= Warsaw Framework on REDD-plus =

UNFCCC decision package on REDD-plus adopted at COP 19

The Warsaw Framework on REDD-plus (also called the Warsaw Framework for REDD-plus) is a package of decisions on REDD+ adopted by the Conference of the Parties (COP) to the United Nations Framework Convention on Climate Change (UNFCCC) at its nineteenth session (COP 19) in Warsaw, Poland, in November 2013. Seven COP 19 decisions (Decisions 9-15/CP.19) form the core of the framework, complemented by three related decisions adopted at COP 21 in 2015 (Decisions 16-18/CP.21).

The framework provides methodological guidance and related institutional arrangements for implementing REDD+ activities by developing countries, including national forest monitoring systems, forest reference emission levels and forest reference levels, safeguards information, and monitoring, reporting and verification (MRV), as well as procedures for assessment and analysis of reported information that support results-based finance.
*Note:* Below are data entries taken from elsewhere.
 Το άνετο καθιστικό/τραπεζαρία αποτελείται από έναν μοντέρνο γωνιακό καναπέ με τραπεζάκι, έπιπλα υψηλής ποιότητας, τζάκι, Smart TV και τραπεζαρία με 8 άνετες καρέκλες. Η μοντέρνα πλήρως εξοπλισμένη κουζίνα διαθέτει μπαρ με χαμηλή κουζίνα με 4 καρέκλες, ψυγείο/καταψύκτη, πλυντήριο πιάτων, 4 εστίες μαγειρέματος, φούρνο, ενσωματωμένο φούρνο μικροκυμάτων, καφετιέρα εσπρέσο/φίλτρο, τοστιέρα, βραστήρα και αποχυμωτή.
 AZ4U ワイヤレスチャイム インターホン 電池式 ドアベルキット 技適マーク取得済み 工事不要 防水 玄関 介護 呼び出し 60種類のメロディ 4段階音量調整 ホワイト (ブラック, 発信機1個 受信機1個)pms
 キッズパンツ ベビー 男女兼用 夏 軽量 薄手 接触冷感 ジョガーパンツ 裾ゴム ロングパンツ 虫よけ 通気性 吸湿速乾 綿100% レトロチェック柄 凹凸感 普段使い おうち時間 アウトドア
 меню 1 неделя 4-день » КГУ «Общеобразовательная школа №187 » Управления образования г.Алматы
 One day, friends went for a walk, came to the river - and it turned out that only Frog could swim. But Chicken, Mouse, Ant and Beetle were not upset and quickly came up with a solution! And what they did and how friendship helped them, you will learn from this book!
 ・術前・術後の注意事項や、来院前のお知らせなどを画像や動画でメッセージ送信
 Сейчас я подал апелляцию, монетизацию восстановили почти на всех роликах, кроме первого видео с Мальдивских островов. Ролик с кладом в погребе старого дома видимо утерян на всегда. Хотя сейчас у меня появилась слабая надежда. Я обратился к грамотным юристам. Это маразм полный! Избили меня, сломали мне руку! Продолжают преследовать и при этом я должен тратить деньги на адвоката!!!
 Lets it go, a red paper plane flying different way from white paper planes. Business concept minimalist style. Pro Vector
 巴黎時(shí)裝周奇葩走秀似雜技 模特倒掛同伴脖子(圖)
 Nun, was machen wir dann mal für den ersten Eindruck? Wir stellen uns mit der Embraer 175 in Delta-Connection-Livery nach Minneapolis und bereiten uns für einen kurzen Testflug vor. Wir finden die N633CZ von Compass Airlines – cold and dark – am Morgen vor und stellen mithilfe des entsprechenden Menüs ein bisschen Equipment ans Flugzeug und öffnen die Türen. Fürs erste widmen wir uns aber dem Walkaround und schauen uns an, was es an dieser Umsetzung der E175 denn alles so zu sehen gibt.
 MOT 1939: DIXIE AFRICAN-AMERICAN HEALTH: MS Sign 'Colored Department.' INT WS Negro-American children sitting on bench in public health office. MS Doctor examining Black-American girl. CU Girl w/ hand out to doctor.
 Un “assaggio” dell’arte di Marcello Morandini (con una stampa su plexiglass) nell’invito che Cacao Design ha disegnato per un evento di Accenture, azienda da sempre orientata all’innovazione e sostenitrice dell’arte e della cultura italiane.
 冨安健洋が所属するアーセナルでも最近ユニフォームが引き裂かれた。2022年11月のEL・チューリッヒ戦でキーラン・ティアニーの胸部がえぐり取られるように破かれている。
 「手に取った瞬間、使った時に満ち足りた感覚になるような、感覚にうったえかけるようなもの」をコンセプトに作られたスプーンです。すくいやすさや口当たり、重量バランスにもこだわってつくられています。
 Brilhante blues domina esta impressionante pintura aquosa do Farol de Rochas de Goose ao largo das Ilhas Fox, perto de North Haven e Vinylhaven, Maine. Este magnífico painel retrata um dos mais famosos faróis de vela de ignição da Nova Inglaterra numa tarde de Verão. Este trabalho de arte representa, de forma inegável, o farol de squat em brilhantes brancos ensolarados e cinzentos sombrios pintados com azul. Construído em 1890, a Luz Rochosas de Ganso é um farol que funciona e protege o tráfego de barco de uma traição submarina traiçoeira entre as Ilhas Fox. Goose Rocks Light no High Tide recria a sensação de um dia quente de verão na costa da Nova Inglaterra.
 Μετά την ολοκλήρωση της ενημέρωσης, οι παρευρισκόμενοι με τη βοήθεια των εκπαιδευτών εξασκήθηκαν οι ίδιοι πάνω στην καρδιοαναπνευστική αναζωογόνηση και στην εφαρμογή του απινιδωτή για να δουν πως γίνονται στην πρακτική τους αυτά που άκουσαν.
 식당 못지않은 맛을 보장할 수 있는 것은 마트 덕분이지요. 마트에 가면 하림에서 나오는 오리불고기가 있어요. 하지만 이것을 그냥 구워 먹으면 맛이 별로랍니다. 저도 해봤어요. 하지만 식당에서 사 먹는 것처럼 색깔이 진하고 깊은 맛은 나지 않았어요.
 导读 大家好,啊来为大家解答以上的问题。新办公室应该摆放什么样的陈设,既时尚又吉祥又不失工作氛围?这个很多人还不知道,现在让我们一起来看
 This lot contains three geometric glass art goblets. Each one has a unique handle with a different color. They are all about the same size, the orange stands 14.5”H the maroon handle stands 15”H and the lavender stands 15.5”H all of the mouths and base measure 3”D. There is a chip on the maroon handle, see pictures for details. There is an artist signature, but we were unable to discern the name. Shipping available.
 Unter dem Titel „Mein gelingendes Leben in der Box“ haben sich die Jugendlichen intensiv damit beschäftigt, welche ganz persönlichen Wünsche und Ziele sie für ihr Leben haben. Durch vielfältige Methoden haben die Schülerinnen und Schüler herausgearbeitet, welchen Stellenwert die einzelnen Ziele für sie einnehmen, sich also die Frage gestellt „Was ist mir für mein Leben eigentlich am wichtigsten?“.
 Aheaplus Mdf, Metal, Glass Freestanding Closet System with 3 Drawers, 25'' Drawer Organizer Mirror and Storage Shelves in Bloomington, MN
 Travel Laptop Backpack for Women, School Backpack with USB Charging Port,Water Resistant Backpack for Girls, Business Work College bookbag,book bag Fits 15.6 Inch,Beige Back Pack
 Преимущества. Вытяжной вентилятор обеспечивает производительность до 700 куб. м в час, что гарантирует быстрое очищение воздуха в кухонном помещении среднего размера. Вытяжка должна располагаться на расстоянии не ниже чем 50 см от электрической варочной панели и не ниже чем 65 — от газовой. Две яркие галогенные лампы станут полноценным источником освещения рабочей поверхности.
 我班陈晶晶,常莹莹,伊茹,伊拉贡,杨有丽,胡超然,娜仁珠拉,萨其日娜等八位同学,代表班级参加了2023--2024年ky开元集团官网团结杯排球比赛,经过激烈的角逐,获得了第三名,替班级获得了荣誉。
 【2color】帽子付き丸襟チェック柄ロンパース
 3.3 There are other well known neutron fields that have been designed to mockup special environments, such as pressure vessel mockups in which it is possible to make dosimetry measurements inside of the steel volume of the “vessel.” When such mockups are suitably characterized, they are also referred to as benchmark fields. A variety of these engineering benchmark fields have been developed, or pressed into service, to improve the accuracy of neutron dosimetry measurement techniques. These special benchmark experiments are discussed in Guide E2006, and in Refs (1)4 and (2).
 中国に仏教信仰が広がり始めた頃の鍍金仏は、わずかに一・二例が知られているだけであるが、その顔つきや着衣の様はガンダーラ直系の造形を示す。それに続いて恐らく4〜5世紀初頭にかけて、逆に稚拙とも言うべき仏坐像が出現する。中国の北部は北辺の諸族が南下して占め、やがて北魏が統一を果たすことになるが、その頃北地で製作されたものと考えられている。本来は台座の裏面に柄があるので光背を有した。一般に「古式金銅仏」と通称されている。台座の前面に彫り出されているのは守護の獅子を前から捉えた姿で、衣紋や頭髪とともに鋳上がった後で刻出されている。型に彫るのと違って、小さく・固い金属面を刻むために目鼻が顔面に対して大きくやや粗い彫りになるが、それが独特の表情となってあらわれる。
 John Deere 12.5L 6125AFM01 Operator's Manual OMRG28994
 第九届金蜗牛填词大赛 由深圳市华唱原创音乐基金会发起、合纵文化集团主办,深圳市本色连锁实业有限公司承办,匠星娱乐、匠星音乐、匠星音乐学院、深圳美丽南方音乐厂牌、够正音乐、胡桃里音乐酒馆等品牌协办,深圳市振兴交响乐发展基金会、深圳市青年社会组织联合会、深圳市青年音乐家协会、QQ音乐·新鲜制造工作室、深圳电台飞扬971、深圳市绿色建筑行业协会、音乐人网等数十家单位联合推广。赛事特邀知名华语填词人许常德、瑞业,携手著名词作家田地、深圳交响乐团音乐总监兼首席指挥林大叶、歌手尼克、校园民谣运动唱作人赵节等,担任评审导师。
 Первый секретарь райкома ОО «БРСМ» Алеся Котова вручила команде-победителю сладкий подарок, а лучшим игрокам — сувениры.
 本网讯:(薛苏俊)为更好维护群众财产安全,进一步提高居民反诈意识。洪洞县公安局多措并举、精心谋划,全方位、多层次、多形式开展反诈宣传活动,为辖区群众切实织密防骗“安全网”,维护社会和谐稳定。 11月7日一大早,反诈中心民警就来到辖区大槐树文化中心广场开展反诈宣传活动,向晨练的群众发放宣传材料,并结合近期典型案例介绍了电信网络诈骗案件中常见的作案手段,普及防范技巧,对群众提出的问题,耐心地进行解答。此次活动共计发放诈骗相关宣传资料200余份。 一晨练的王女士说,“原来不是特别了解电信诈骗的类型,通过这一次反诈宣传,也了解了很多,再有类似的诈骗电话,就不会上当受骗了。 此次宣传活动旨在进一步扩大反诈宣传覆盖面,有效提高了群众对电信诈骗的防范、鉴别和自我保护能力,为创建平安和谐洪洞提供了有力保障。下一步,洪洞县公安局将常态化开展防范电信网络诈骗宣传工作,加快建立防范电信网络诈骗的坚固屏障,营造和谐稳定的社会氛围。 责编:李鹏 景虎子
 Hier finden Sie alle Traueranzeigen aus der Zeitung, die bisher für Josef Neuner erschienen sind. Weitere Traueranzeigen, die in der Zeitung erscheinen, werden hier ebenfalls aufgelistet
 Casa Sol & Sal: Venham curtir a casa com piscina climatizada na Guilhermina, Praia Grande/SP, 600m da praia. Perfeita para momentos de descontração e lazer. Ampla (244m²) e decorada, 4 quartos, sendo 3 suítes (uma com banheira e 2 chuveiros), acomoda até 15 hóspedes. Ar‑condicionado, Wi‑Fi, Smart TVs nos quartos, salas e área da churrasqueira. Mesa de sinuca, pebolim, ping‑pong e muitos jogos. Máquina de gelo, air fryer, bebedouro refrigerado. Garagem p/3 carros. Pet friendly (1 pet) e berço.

Under the Paris Agreement, Article 5 encourages Parties to implement and support the existing REDD+ framework under the convention, including results-based payments for verified reductions in greenhouse gas emissions and forest-related removals. The Intergovernmental Panel on Climate Change (IPCC) has identified the Warsaw Framework among the elements that link REDD+ implementation to access to results-based finance.

== Background ==
REDD+ refers to actions in developing countries to reduce emissions from deforestation and forest degradation and to support conservation, sustainable management of forests, and enhancement of forest carbon stocks. Earlier COP decisions established core elements of REDD+ implementation, including national strategies or action plans, reference levels, national forest monitoring systems, and safeguards. The Warsaw decisions added procedures for assessing submitted reference levels, analysing reported results and related information, and publishing information on results and payments through UNFCCC systems used for results-based finance.

== Adoption at COP 19 ==
At COP 19, Parties adopted Decisions 9-15/CP.19, which are commonly grouped as the Warsaw Framework on REDD-plus. The Earth Negotiations Bulletin summary report listed the Warsaw REDD+ framework among the conference outcomes on land use and forests.

== Decisions and content ==
The COP 19 decisions cover both arrangements for results-based finance and technical guidance for measuring and reporting REDD+ outcomes. At a high level, the decisions address:

- Decision 9/CP.19 - results-based finance and an online information hub for REDD+ results and payments.
- Decision 10/CP.19 - coordination of support for implementation of REDD+ activities and related institutional arrangements.
- Decision 11/CP.19 - modalities for national forest monitoring systems used to measure and track forest-related emissions and removals.
- Decision 12/CP.19 - timing and frequency for presenting a summary of information on how REDD+ safeguards are addressed and respected.
- Decision 13/CP.19 - guidelines and procedures for technical assessment of proposed forest reference emission levels and/or forest reference levels.
- Decision 14/CP.19 - modalities for measuring, reporting and verifying REDD+ outcomes, including technical analysis of reported information.
- Decision 15/CP.19 - encouragement to address drivers of deforestation and forest degradation in implementing REDD+ activities.

National forest monitoring systems are intended to provide data and information suitable for MRV, while MRV covers the broader measurement, reporting, and verification requirements for results and related information. Provision of safeguards-related information is part of the requirements associated with access to results-based payments, while safeguards implementation is carried out through national frameworks and procedures.

== Later decisions and relation to UNFCCC reporting ==
=== COP 21 additions ===
COP 21 adopted Decisions 16-18/CP.21, which complement the COP 19 decisions and add guidance on alternative policy approaches, non-carbon benefits, and safeguards-related matters.

- Decision 16/CP.21 - alternative policy approaches, including joint mitigation and adaptation approaches for forests
- Decision 17/CP.21 - non-carbon benefits associated with REDD+ activities
- Decision 18/CP.21 - safeguards and related guidance on safeguards information

=== Reporting and transparency after the Paris Agreement ===
Processes established under the Warsaw Framework, including technical assessment of reference levels and technical analysis of reported results, continue to operate through UNFCCC reporting arrangements after the adoption of the Paris Agreement, alongside the encouragement of implementation and support under Article 5.

== Reception and analysis ==
Legal analysis published soon after COP 19 described the Warsaw package as clarifying several methodological requirements for REDD+ implementation. The same analysis argued that uncertainty about the scale and predictability of results-based finance remained a constraint on participation and implementation. Later analysis of REDD+ finance and governance has similarly emphasized ongoing challenges in mobilising and coordinating results-based finance alongside the framework's technical requirements.